On 2020-01-09 13:17:59 +0530, Dilip Kumar wrote:
> I am able to reproduce the failure,  I think the assert in the
> 'logicalrep_write_insert' is not correct.  IMHO even if the replica
> identity is set to NOTHING we should be able to replicate INSERT?
> 
> This will fix the issue.
> 
> diff --git a/src/backend/replication/logical/proto.c
> b/src/backend/replication/logical/proto.c
> index dcf7c08..471461c 100644
> --- a/src/backend/replication/logical/proto.c
> +++ b/src/backend/replication/logical/proto.c
> @@ -145,7 +145,8 @@ logicalrep_write_insert(StringInfo out, Relation
> rel, HeapTuple newtuple)
> 
>         Assert(rel->rd_rel->relreplident == REPLICA_IDENTITY_DEFAULT ||
>                    rel->rd_rel->relreplident == REPLICA_IDENTITY_FULL ||
> -                  rel->rd_rel->relreplident == REPLICA_IDENTITY_INDEX);
> +                  rel->rd_rel->relreplident == REPLICA_IDENTITY_INDEX ||
> +                  rel->rd_rel->relreplident == REPLICA_IDENTITY_NOTHING);
> 
>         /* use Oid as relation identifier */
>         pq_sendint32(out, RelationGetRelid(rel));

There's not much point in having this assert, right? Given that it
covers all choices? Seems better to just drop it.

Greetings,

Andres Freund



On Thu, 9 Jan 2020 at 10:43 PM, Andres Freund <andres@anarazel.de> wrote:
Hi,

On 2020-01-09 13:17:59 +0530, Dilip Kumar wrote:
> I am able to reproduce the failure,  I think the assert in the
> 'logicalrep_write_insert' is not correct.  IMHO even if the replica
> identity is set to NOTHING we should be able to replicate INSERT?
>
> This will fix the issue.
>
> diff --git a/src/backend/replication/logical/proto.c
> b/src/backend/replication/logical/proto.c
> index dcf7c08..471461c 100644
> --- a/src/backend/replication/logical/proto.c
> +++ b/src/backend/replication/logical/proto.c
> @@ -145,7 +145,8 @@ logicalrep_write_insert(StringInfo out, Relation
> rel, HeapTuple newtuple)
>
>         Assert(rel->rd_rel->relreplident == REPLICA_IDENTITY_DEFAULT ||
>                    rel->rd_rel->relreplident == REPLICA_IDENTITY_FULL ||
> -                  rel->rd_rel->relreplident == REPLICA_IDENTITY_INDEX);
> +                  rel->rd_rel->relreplident == REPLICA_IDENTITY_INDEX ||
> +                  rel->rd_rel->relreplident == REPLICA_IDENTITY_NOTHING);
>
>         /* use Oid as relation identifier */
>         pq_sendint32(out, RelationGetRelid(rel));

There's not much point in having this assert, right?
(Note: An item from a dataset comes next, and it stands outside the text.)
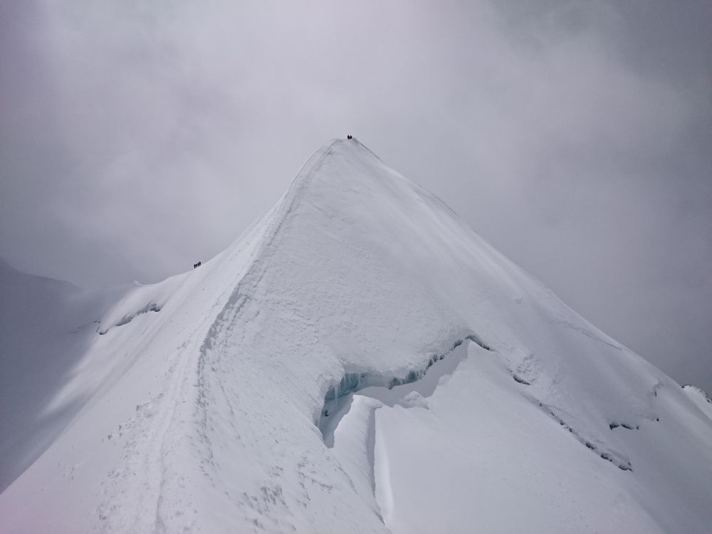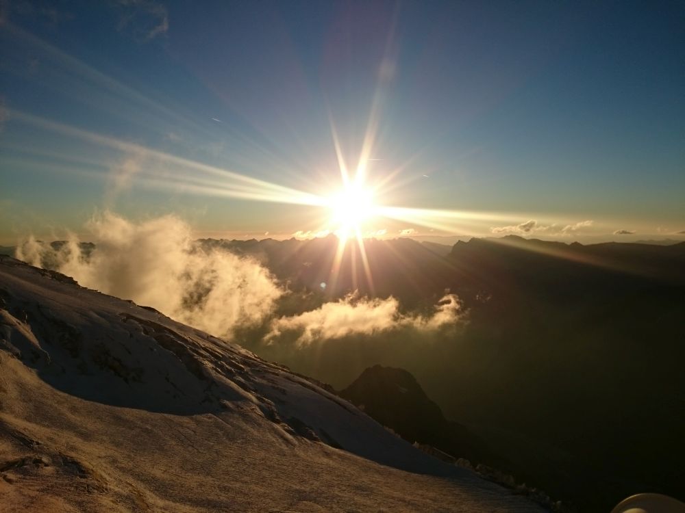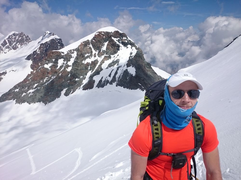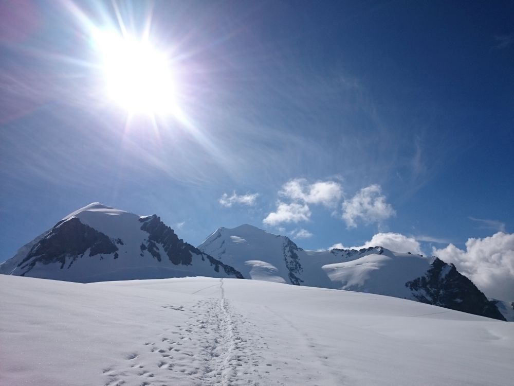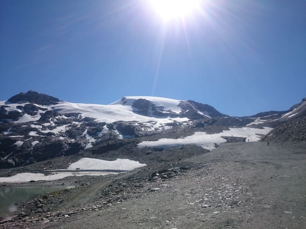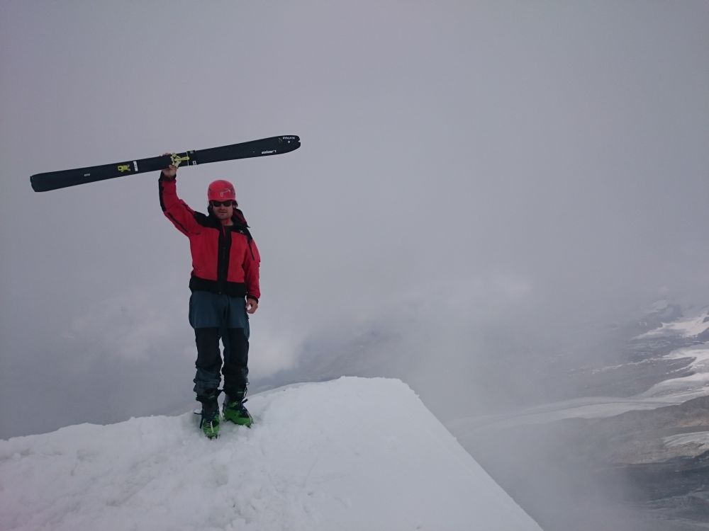 Prejšnji torek smo se zgodaj zjutraj odpeljali iz Ljubljane, tako da smo se izognili Milanski jutranji gužvi in že okoli 10h pripeljali v Cervinio. S pomočjo gondole smo bili hitro na Testa Grigi. Najprej sem odsmučal do koče Teodulo, nato pa nazaj peš proti Breithornu. Pri gonodoli sta me čakala prijatelja in skupaj smo se podali na pot. Snega je v teh krajih več kot lani, tako da se tudi pri Matterhorn platoju nismo navezali. Približno 200 višinskih metrov pod vrhom nam je malo zagodil vreme, saj je v daljavi že nekaj garmelo in proti Monte Rosi so bili kar temini oblaki. Prijatelja sta se raje obrnila, saj sta bila peš in v nevihti ne bi bilo fino. Na vrhu sem bil sam in prvič tudi v brezveterju, tako da je bilo kar prijetno. Vreme se je malo izboljšalo, tako da je bila vidljivost dobra. Nekaj zavojev je bilo še bolj po tršem snegu, nato pa je bil sneg že južen, ki pa je bil zelo lepo smučljiv. S platoja sem kar hitro odsmučal s proge desno na pobočje Klein Matterhorna in v super snegu odsmučal do spodnjega dela smučišča. Prečil sem in se zapeljal do koče.

Given that it
covers all choices? Seems better to just drop
it.

Yeah right!
--
Regards,
Dilip Kumar
EnterpriseDB: http://www.enterprisedb.com
On Fri, Jan 10, 2020 at 07:30:34AM +0530, Dilip Kumar wrote:
> On Thu, 9 Jan 2020 at 10:43 PM, Andres Freund <andres@anarazel.de> wrote:
>> There's not much point in having this assert, right? Given that it
>> covers all choices? Seems better to just drop it.
>
> Yeah right!

Refreshing my mind on that...  The two remaining assertions still make
sense for update and delete changes per the restrictions in place in
CheckCmdReplicaIdentity(), and there is a gap with the regression
tests.  So combining all that I get the attached patch (origin point
is 665d1fa).  Thoughts?
--
Michael

Attachment
On Fri, Jan 10, 2020 at 10:31 AM Michael Paquier <michael@paquier.xyz> wrote:
>
> On Fri, Jan 10, 2020 at 07:30:34AM +0530, Dilip Kumar wrote:
> > On Thu, 9 Jan 2020 at 10:43 PM, Andres Freund <andres@anarazel.de> wrote:
> >> There's not much point in having this assert, right? Given that it
> >> covers all choices? Seems better to just drop it.
> >
> > Yeah right!
>
> Refreshing my mind on that...  The two remaining assertions still make
> sense for update and delete changes per the restrictions in place in
> CheckCmdReplicaIdentity(),

Right

 and there is a gap with the regression
> tests.  So combining all that I get the attached patch (origin point
> is 665d1fa).  Thoughts?

LGTM

-- 
Regards,
Dilip Kumar
EnterpriseDB: http://www.enterprisedb.com



On Fri, Jan 10, 2020 at 11:01:13AM +0530, Dilip Kumar wrote:
> On Fri, Jan 10, 2020 at 10:31 AM Michael Paquier <michael@paquier.xyz> wrote:
>> and there is a gap with the regression
>> tests.  So combining all that I get the attached patch (origin point
>> is 665d1fa).  Thoughts?
>
> LGTM

Thanks for the lookup.  I'll look at that again in a couple of days
and hopefully wrap it by then.
--
Michael

Attachment
On Sat, Jan 11, 2020 at 10:34:20AM +0900, Michael Paquier wrote:
> Thanks for the lookup.  I'll look at that again in a couple of days
> and hopefully wrap it by then.

And done.
--
Michael

Attachment